Amid Death Threats & Struggle, Hope for a Better Pakistan

Military personnel involved in managing the press (from back home) have also repeatedly reached out to me directly. Three times publicly via social media, and few times privately via phone, asking me to return, but assuring my guarantee only if I start doing “positive reporting”, and stop writing or publicly speaking critically about the Pakistan Army. (‘Positive journalism’ is a term that the chief of the military media cell General Asif Ghafoor recently spoke about in a press conference).
And now there are even more serious threats that I have become privy to. I recently met with Western law enforcement authorities and found out about a plot to assassinate me, if I were to ever return to my country.

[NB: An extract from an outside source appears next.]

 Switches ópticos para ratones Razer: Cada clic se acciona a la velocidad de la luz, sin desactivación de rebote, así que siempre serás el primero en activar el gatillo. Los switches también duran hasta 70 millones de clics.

I was also advised to not visit Pakistan embassies and Pakistan-friendly countries. Similar advisories have been received by other Pakistanis critical of the military.

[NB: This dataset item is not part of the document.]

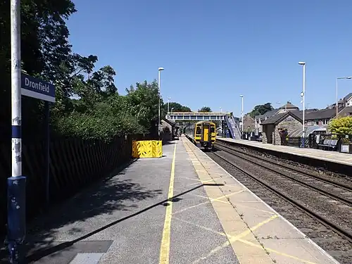 Dronfield railway station serves the town of Dronfield in Derbyshire, England, south of Sheffield, on the Midland Main Line between Chesterfield and Sheffield.

This latest development has put me in a dilemma. I keep wondering if all this life-threatening struggle is worth it?
In this last one year, I have thought many times about giving up my fight to speak up about Pakistan and the wrongs there, and focus on something else in life.
But one thought makes me continue – I want to see a better Pakistan.
I want to see a Pakistan where human rights are not abused, where pluralism is celebrated and freedom of expression is a guarantee. And a Pakistan where I can return to to live again and not be killed.